La présence française se traduit aussi à travers sa langue. L'histoire a fait qu'une partie du continent africain utilise aujourd'hui encore largement la langue française, ce qui créé des liens forcement privilégiés entre les pays de même culture. Pour cette raison, la présence diplomatique, éducative et culturelle française est toujours forte.

«A long terme, la France a tout à gagner à adopter une démarche active pour étendre son aire d’influence au‐delà des pays francophones et éviter de se trouver poussée dans ses retranchements par ses compétiteurs occidentaux ou émergents.

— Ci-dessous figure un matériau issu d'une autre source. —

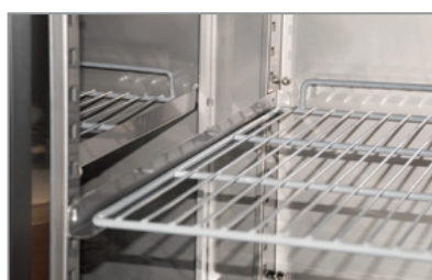
Mensole a scorrimento Sliding shelves
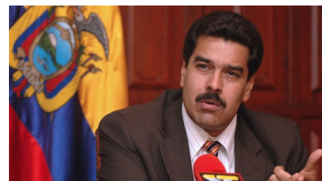
A voir ; Aidons l'Huma !
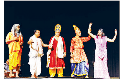
रोहतक। नाटक प्रस्तुत करते कलाकार।

समस्या से निजात मिलेगी। कैबिनेट मंत्री श्रुति चौधरी ने माना कि महम हलके में पिछले लंबे समय से ड्रेनेज और बरसाती पानी निकासी के स्थाई समाधान किया है। जिस तरह से मंत्री ने जानकारी दी है उससे लगता है कि यदि जल्द ही इन योजनाओं पर काम शुरू किया गया तो लोगों को जलभराव की
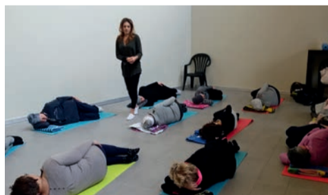
La lezione di pilates
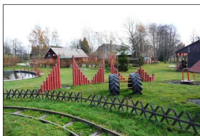
obr. 21 Zábavní centrum „Vagón“ Foto: Jiří Šiller (2010)
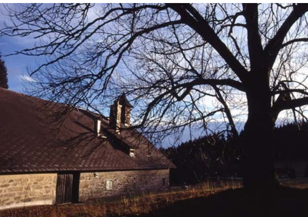
Foto 11: Landschaftsprägender Einzelbaum beim Hennerbichler in Schönberg
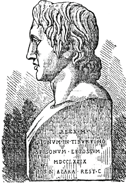
الإسكندر الأكبر وفتوحاته.

طعنة قضت عليه، وفرح الأثينيون بموت فيليب وقرّروا جهازًا بمكافأة بوسانياس بإكليل من الذهب جزاءً له على قتل فيليب؛ لأن كل أيلات اليونان كانت ضده.
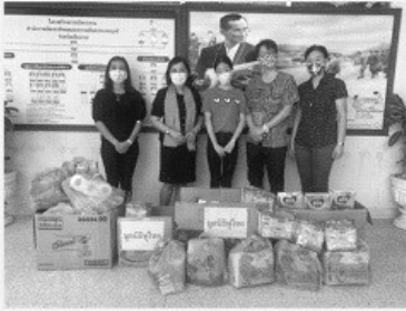
代表基金會捐贈物資給社會局

在充實無比。終於在五月初，我們收到泰國基督教總會來信，指示在作好防疫措施的前提下，經村長同意後，教會就可以開始實體聚會了。於是我們去拜訪了村長，村長帶衛生部門的人員來視察，他們對我們的防疫措施很滿意，福泰禮拜堂在 5 月下旬恢復實體聚會，也在六月恢復小組聚會。

A court-­moyen terme, l’urgence commande de stabiliser les régions placées sous son aire d’influence traditionnelle, et où se concentrent une grande partie de ses intérêts en Afrique», affirme Raphaël Rossignol sur le site de l'IRSEM (Institut de Recherche Stratégique de l'Ecole Militaire).

«Les instruments à disposition de la France ne se réduisent naturellement pas à la force militaire, toujours subordonnée au politique. La coopération politique bi­ et multilatérale, l’aide au développement, et les grandes entreprises françaises sont les instruments d’une grande diplomatie française sur le continent africain», ajoute-t-il. Une façon de définir les intérêts français.